China is releasing a slew of economic data this week, with the potential to move a key currency. The question is how.
Fasten your seatbelts. China is releasing a wave of economic reports this week, including GDP, consumer price inflation, industrial production and retail sales. And currency investors are making plans.
Amelia Bourdeau, director of foreign exchange at Westpac Institutional Bank, thinks more interest rate cuts are in the offing. "I think Chinese officials must be worried," she told CNBC's Melissa Lee, based on their moves on deposit and lending rates.
That's why investors need to be careful, says Andrew Busch, global currency and public policy strategist at BMO Capital Markets.
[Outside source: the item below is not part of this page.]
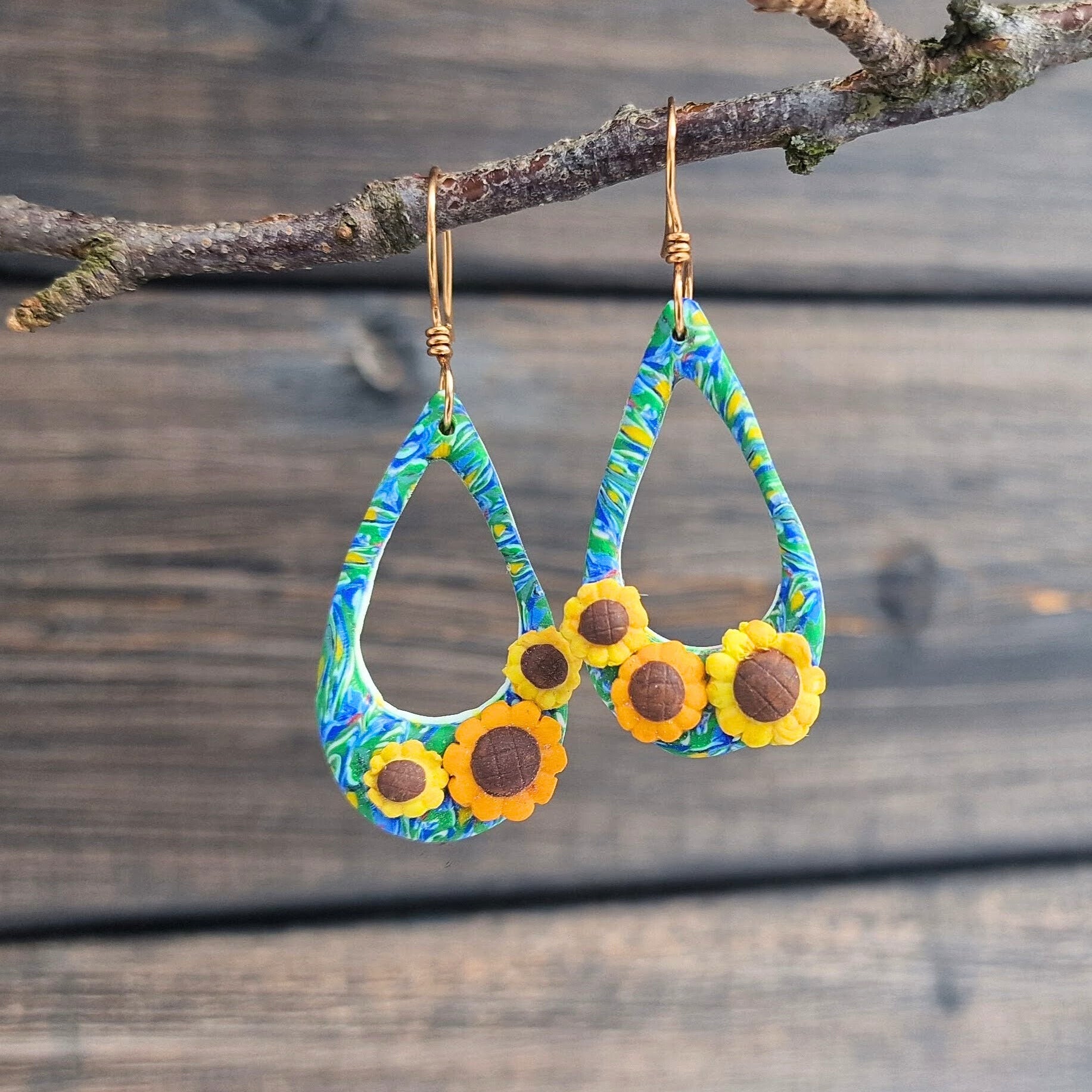 Øredobbene er håndformet i polymer leire, med organisk mønster i grønt, blått og orange med dekorative solsikker. Polymer er ett svært lettvektig materiale som gjør disse lete og behagelige og bruke.

He believes investors are hoping for GDP growth of 7.9 percent, but says, that growth closer to 7.5 percent would "scare people, you'd start to see some big risk off, and the Aussie dollar would get hit on that."
Brian Kelly of Shelter Harbor Capital agrees that the Australian dollar is exposed at the moment, and he wants to sell it. The Australian economy is heavily based on mining, he notes, and any Chinese stimulus "is not very resource heavy" because the Chinese are trying to transition their economy to a more developed stage. On top of that, Kelly says, "Australia has a housing bubble, their economy is slowing, and they're going to have to cut interest rates." So he wants to sell the Australian dollar against the U.S. dollar at 1.0200 with a stop at 1.0330 and a target of 0.9100.
Todd Gordon, co-head of research and trading at Aspen Trading Group, is skeptical. He argues that in technical terms, the Australian dollar is in an uptrend channel, and he expects it to stay until it gets to parity against the U.S. dollar or lower.